I'm a Splunk specialist working daily with observability and security platforms, often bridging AWS cloud infrastructure with enterprise analytics. Splunk's AI Toolkit 5.6.4 introduced direct Amazon SageMaker inference and Amazon Bedrock Knowledge Base Retrieval-Augmented Generation (RAG) integration—capabilities that cap a decade-long evolution from basic log ingestion to AI-native operations. This blog traces that journey, highlights the breakthroughs, and shares practical implementation insights for teams like mine.
Splunk-AWS Integration Evolution Timeline
The Foundation: Data Ingestion Era (2012–2020)
The Splunk-AWS partnership began in 2012 when Splunk joined the AWS Partner Network (APN). By 2013, Splunk Cloud launched natively on AWS infrastructure, establishing the foundation for hybrid cloud visibility. The Splunk Add-on for AWS enabled pull-based collection from AWS APIs. Push-based streaming capabilities were added via Amazon Data Firehose in December 2017 to Splunk's HTTP Event Collector (HEC). This created comprehensive Amazon CloudTrail audit logs, Amazon CloudWatch metrics, Amazon VPC Flow Logs, and AWS Config data ingestion—but kept machine learning siloed within Splunk's boundaries.
Key Limitation: No native ML interoperability. Data scientists built models in SageMaker but had no straightforward path to operationalize them in Splunk environments. Splunk handled analytics; AWS managed infrastructure. They remained separate domains.
ML Expansion: Bridging the Gap (2018–2025)
The Machine Learning Toolkit (MLTK) evolved significantly during this phase. Splunk introduced the MLPClassifier neural network algorithm in MLTK version 3.4.0, expanding the toolkit's deep learning capabilities.

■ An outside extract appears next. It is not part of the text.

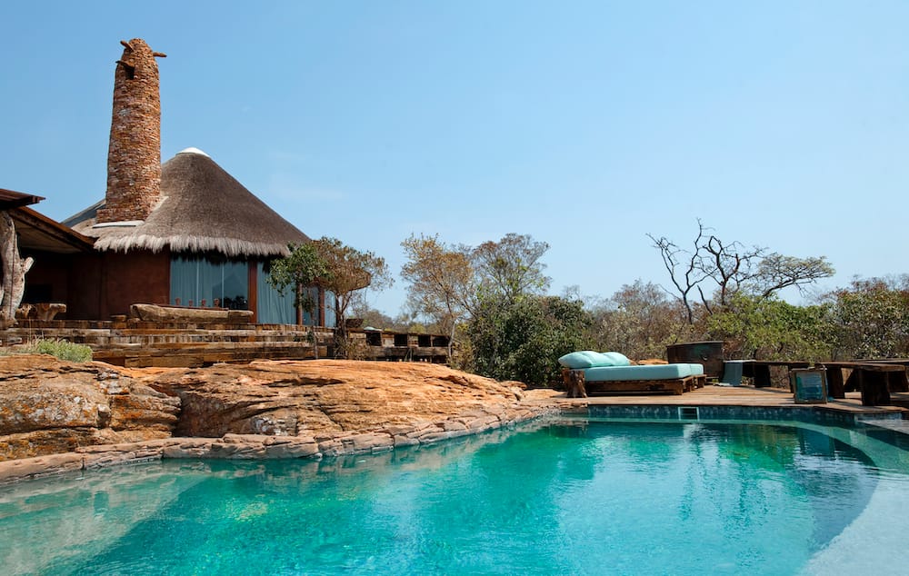 It is fully staffed, complete with multiple lounge areas, bar, snooker table, wi-fi, boma, sunken fire pit and a stunning heated swimming pool built into the side of the mountain which is fantastic for children.
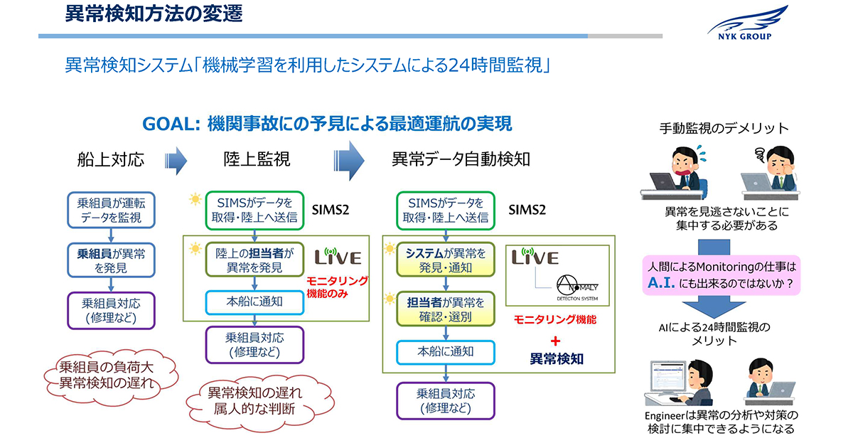以前は船が一度出帆してしまえば、以降は船の上だけで運航は完結するしかなかった。運航中に何らか問題があっても、修理は乗組員によって行うしかなく、陸上では事後に報告を聞くだけだった。今は、それがかなり様変わりした。運航している船舶の状況を陸上から多くの目で監視し、大きなトラブルに発展する前の対処を可能にしている。とはいえ監視する目が増えれば、監視そのものを行う人的な負荷は高くなる。そのために異常の検知を自動化するためのアプリケーションを構築している。

MLTK 4.x versions followed, introducing the Smart Forecasting Assistant and expanding algorithm support.
The critical breakthrough came in February 2023 with MLTK 5.4.0, which enabled upload and inference of externally-trained ONNX models—a standard open source ML model format supporting TensorFlow, PyTorch, Keras, and MATLAB. This meant data scientists could train models in SageMaker, export them as ONNX files, and manually upload them to Splunk for inference. While progress, the workflow remained cumbersome: opset compatibility issues, version management & manual model upload challenges, and inference execution still bottlenecked on Splunk search heads.
AWS integrations expanded in parallel: Amazon SageMaker Canvas launched November 2021 as a no-code ML development service. By 2024, AWS published best practices for using SageMaker Canvas with Splunk data to build and deploy models. Early Bedrock integration emerged before formal documentation, with MLTK 5.6.0 (May 2025) providing the first official Amazon Bedrock support for generative AI within SPL searches—enabling foundation model integration directly within SPL searches.

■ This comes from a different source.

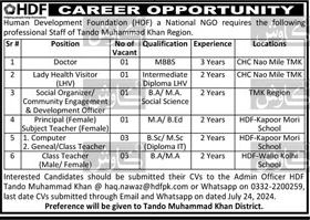 Human Development Foundation invites applications for job positions advertised in daily Kawish dated 22 July 2024 for following vacancies in Tando Muhammad Khan, tando muhammad khan Sindh Pakistan.

Persistent Challenges: Complex model inference overloaded Splunk search heads. Bedrock outputs provided generic responses lacking organizational context. The Model training pipeline remained ML-scientist-centric, not operationalized for production security/ops workflows.
The AI-Native Leap: Splunk AI Toolkit 5.6.4 Breakthroughs (November 2025)

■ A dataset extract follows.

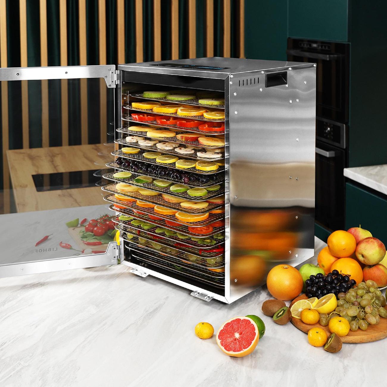 Сушка для фруктов Libhof FDK-16 оснащена 16 поддонами из металла размерами 34х27 см для термообработки разных продуктов (орехов, хлеба, овощей, ягод, рыбы). Управление моделью производится посредством электронной панели. На экране цифрового дисплея показан температурный режим. Мощность нагрева можно настраивать в диапазоне от 20°С до 90°C, поэтому модель оптимальна для сушки трав. Два вентилятора гарантируют равномерное распределение прогретого воздуха.Интегрированный таймер дает возможность устанавливать продолжительность нагрева (до 24 часов). После окончания запрограммированного времени сработает звуковой сигнал и модель отключится. Корпус произведен из металла. На нижней части установлены прорезиненные ножки, что гарантирует высокую устойчивость. В случае перегрева сушилка автоматически отключится. Длина сетевого шнура равна 1,5 м. Габаритные размеры устройства —37,5х39,2х57 см, вес — 18 кг.
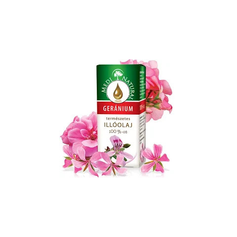 Medinatural geránium 100% illóolaj 10 ml Párologtatásra, masszázshoz, szaunázáshoz, bőrápolásra

Released November, 2025, Splunk AI Toolkit 5.6.4 fundamentally reshapes the architecture—from ML consumer to inference orchestrator.
Product Evolution Note: Starting with version 5.6.3 (September 2025), Splunk formally renamed the Machine Learning Toolkit (MLTK) to the Splunk AI Toolkit, reflecting the platform's evolution from traditional ML algorithms to comprehensive AI orchestration including generative AI, RAG, and cloud-native inference capabilities.
SageMaker Inference Endpoints: Unlimited Scale for Custom Models
For the first time, organizations can invoke SageMaker-hosted models directly via SPL without model export or manual upload. The apply command now supports runtime=sagemaker, enabling real-time inference on arbitrarily complex models (TensorFlow, PyTorch, proprietary algorithms) while offloading ML inference compute to AWS managed infrastructure.
Technical Setup:
-
Deploy custom model to SageMaker endpoint
-
Create IAM role with
sagemaker:InvokeEndpointandsts:AssumeRolepermissions -
Register endpoint in AI Toolkit > Models > +SageMaker tab
-
Configure feature mappings (JSON/CSV), batch size (1–10,000), Open API schema
-
Invoke via SPL:
-
| apply sg_model_name runtime=sagemaker features="feature1,feature2,feature3"
-
For step-by-step AWS instructions, visit the AWS GitHub repo.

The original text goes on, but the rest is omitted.